* [YOUR OBJECTIVE]: The records below are to be reproduced exactly, with every picture left out.

**** EXERCISE DATA ****

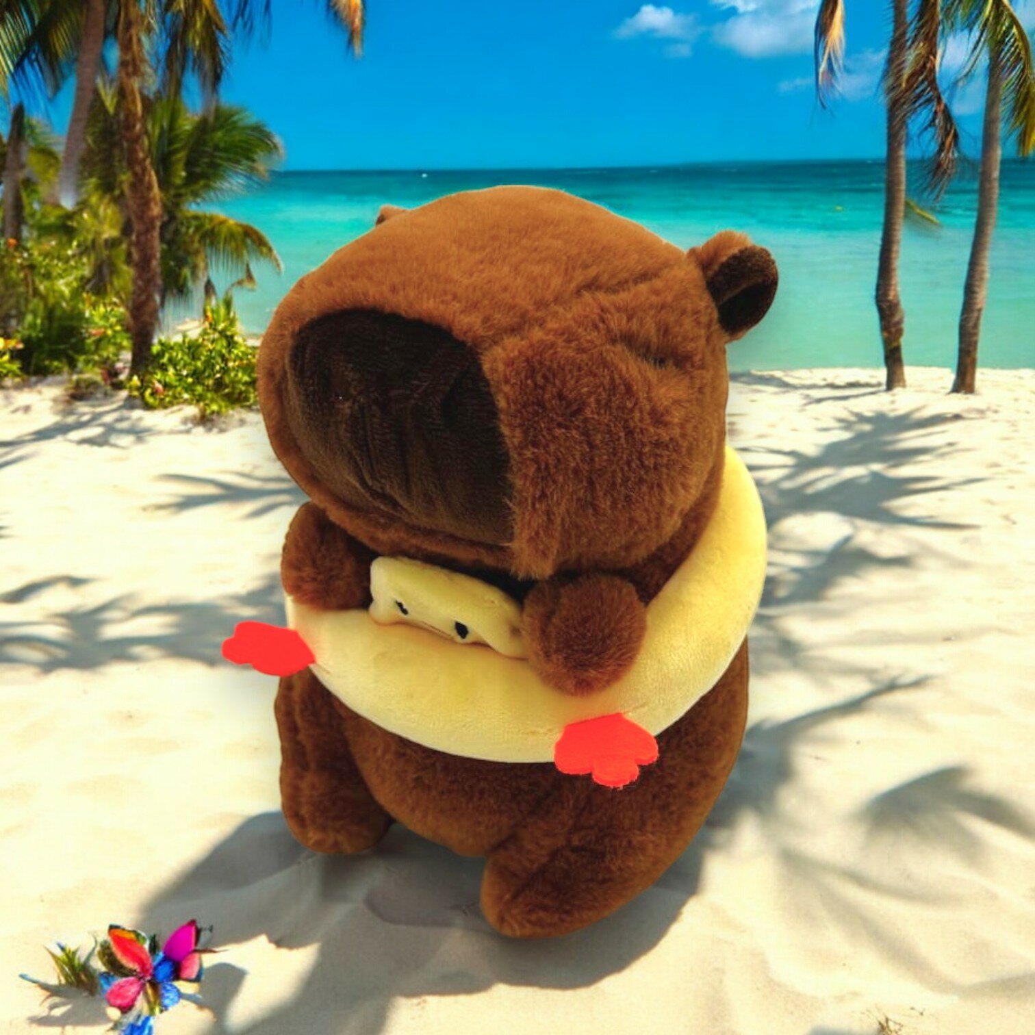 Мягкая игрушка Капибара с кругом лягушонок 20см
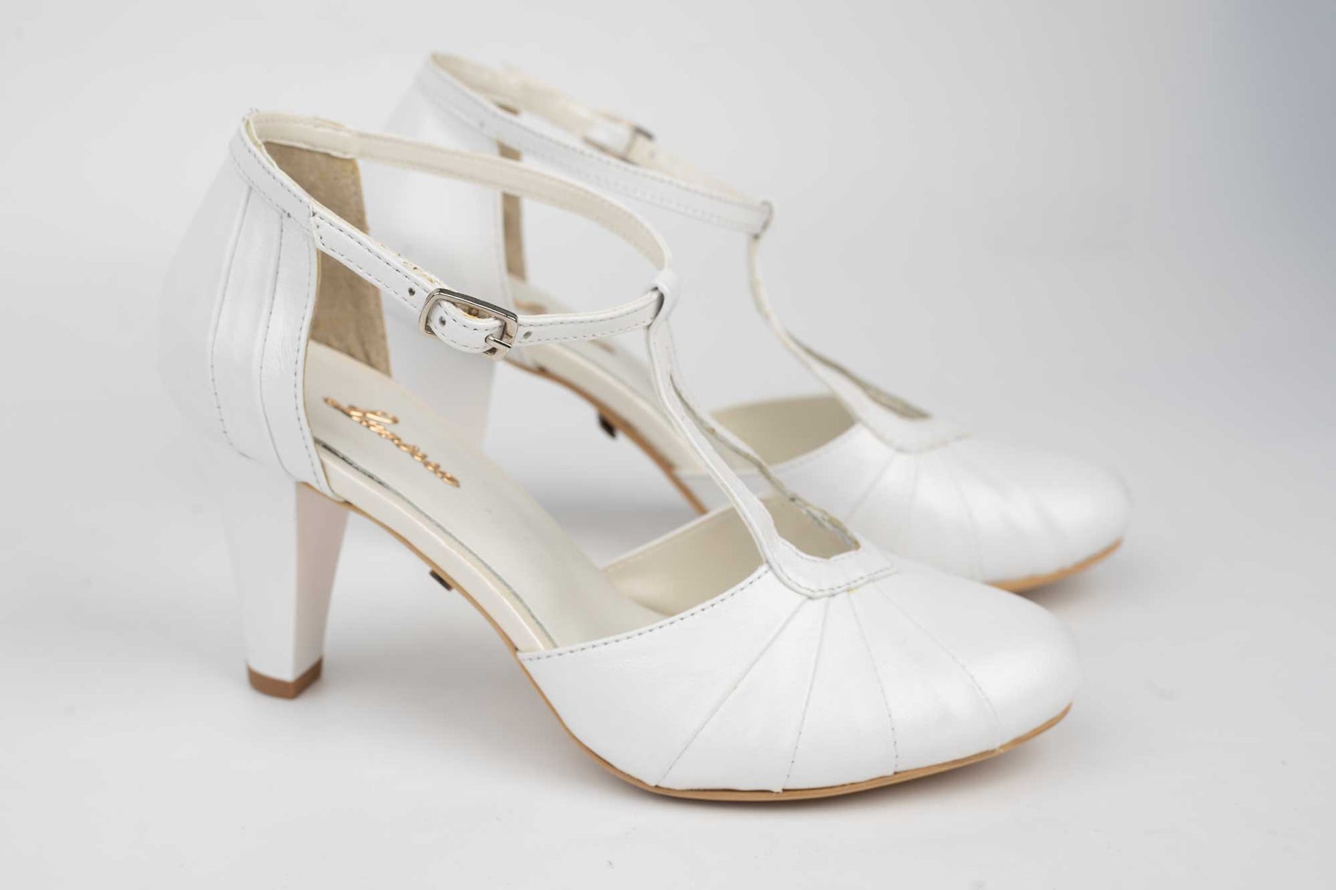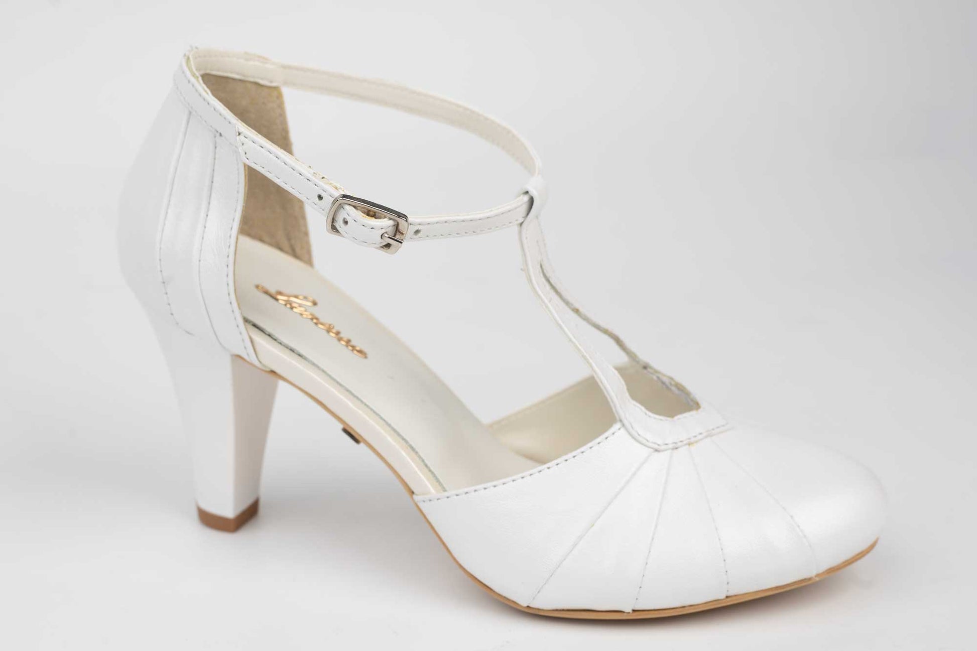 Pantofi mireasa piele naturala LARISA Coco Alb perlat
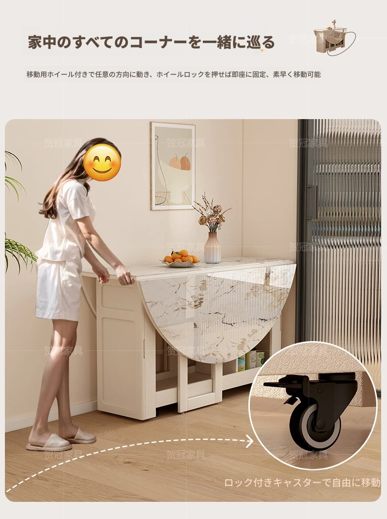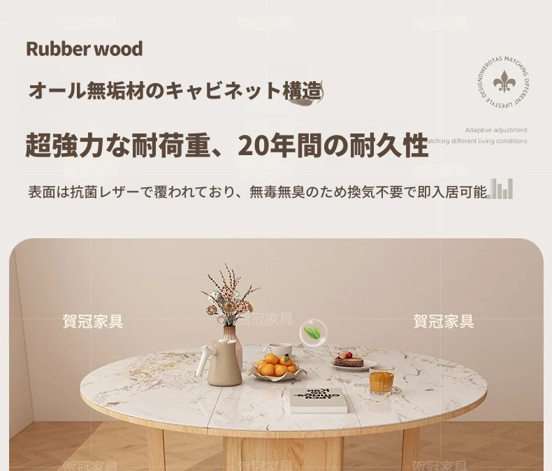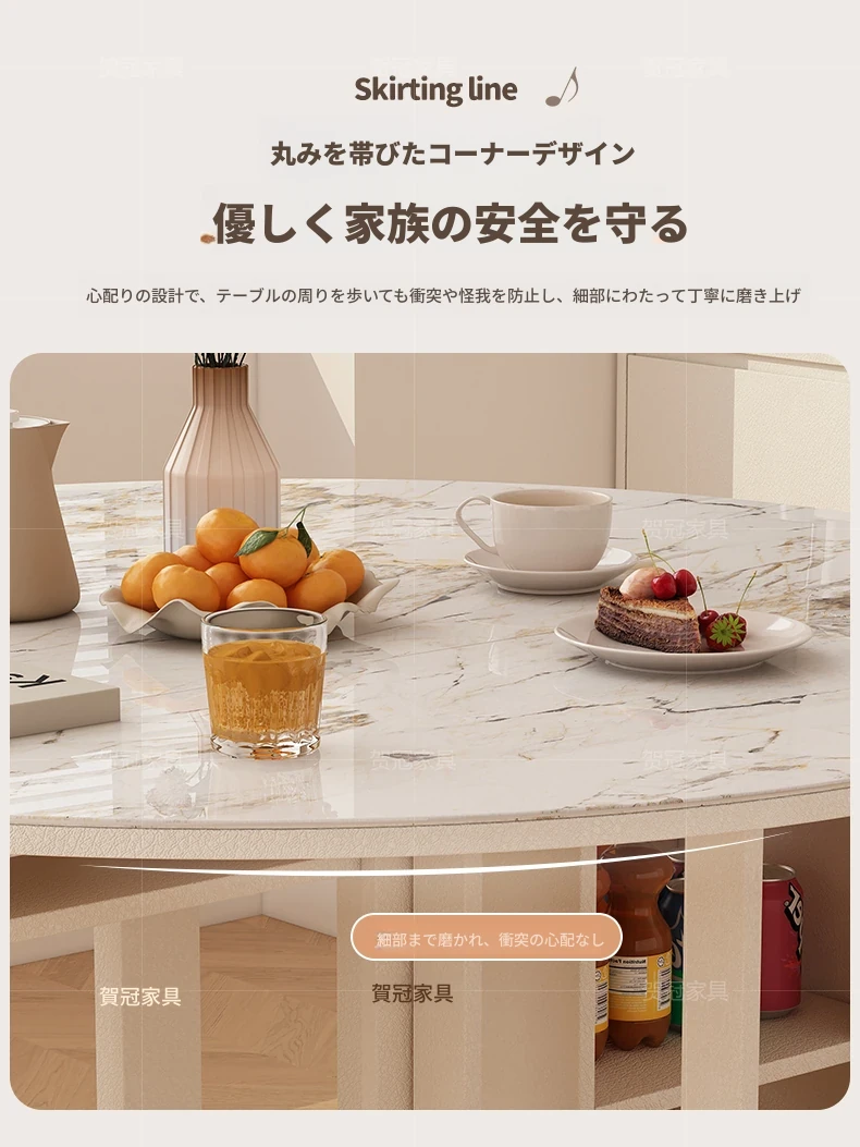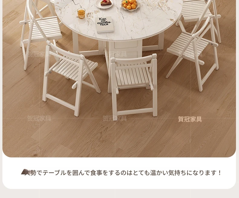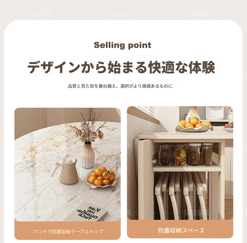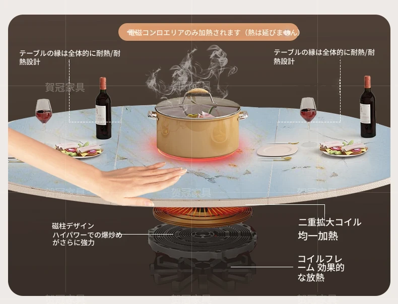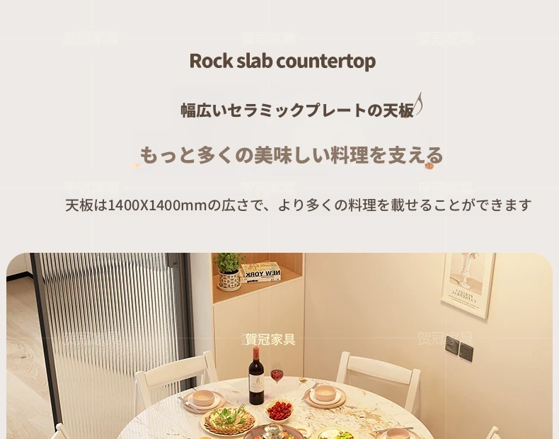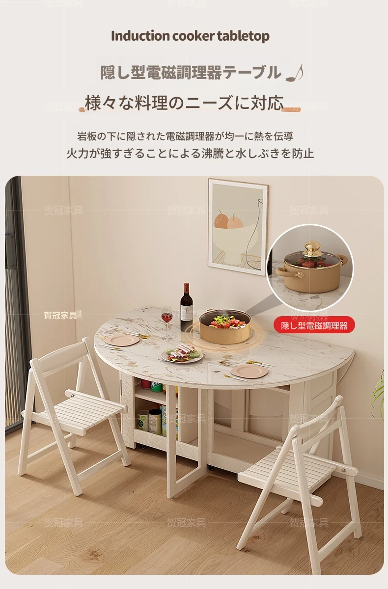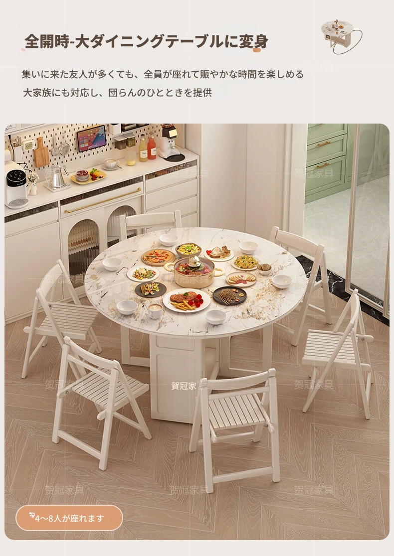 【魅力十足】クリーム風岩板伸縮ダイニングセット・電磁調理器付き、多機能丸型/長方形テーブル・10人用実木製食卓
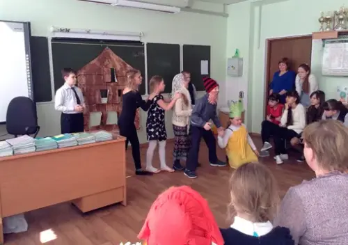 Следует отметить также, что драматизация помогает преодолеть пассивность тех детей, для которых изучение языка само по себе является трудной и непостижимой (по их мнению) задачей. Во время подготовки и проведения театрализованных постановок такие дети попадают в атмосферу непринужденного общения и дружеской обстановки, тем самым подсознательно стремясь внести свой вклад в общее дело, что , естественно, невозможно без применения знаний и умений, полученных во время занятии по иностранному языку.
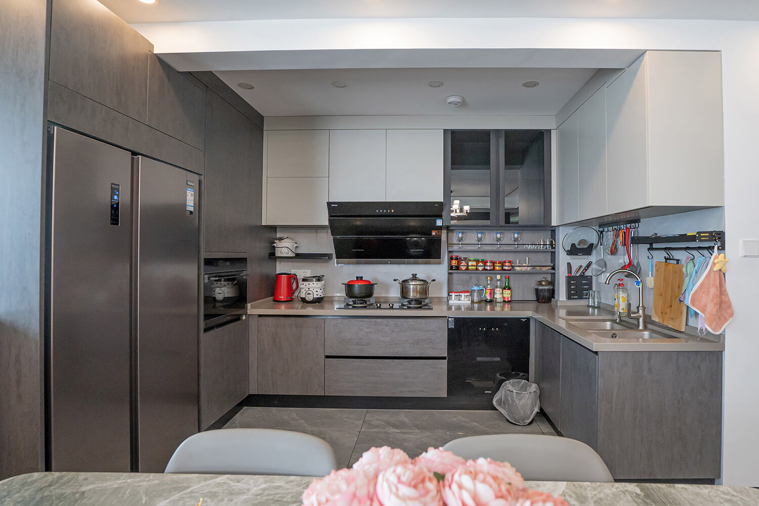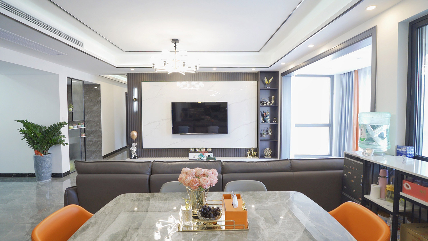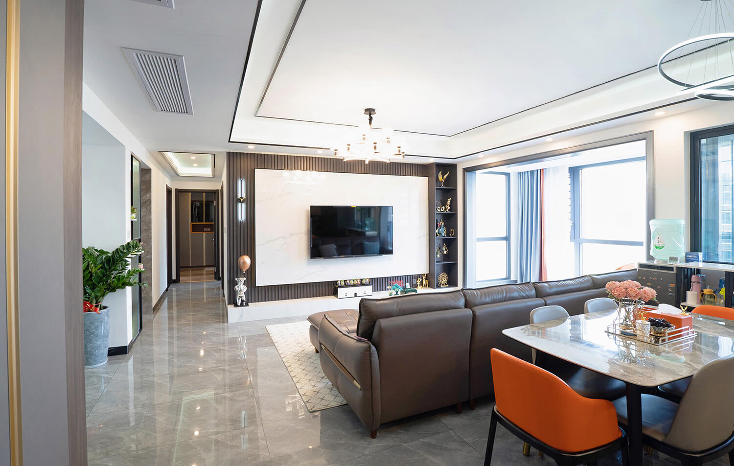 本案戶型為:4房2廳2衛(wèi),總面積126㎡。業(yè)主是4口之家,需要解決空間分布緊密的問題。設(shè)計師立足于現(xiàn)代輕奢風(fēng),打破傳統(tǒng)的空間格局,通過LDK一體化的設(shè)計,打造開放的生活空間,滿足了當(dāng)代家庭生活的情感需求,實現(xiàn)了融合式的生活場景。

****

* [FINISHED TASK]:
 Мягкая игрушка Капибара с кругом лягушонок 20см
 Pantofi mireasa piele naturala LARISA Coco Alb perlat
 【魅力十足】クリーム風岩板伸縮ダイニングセット・電磁調理器付き、多機能丸型/長方形テーブル・10人用実木製食卓
 Следует отметить также, что драматизация помогает преодолеть пассивность тех детей, для которых изучение языка само по себе является трудной и непостижимой (по их мнению) задачей. Во время подготовки и проведения театрализованных постановок такие дети попадают в атмосферу непринужденного общения и дружеской обстановки, тем самым подсознательно стремясь внести свой вклад в общее дело, что , естественно, невозможно без применения знаний и умений, полученных во время занятии по иностранному языку.
 本案戶型為:4房2廳2衛(wèi),總面積126㎡。業(yè)主是4口之家,需要解決空間分布緊密的問題。設(shè)計師立足于現(xiàn)代輕奢風(fēng),打破傳統(tǒng)的空間格局,通過LDK一體化的設(shè)計,打造開放的生活空間,滿足了當(dāng)代家庭生活的情感需求,實現(xiàn)了融合式的生活場景。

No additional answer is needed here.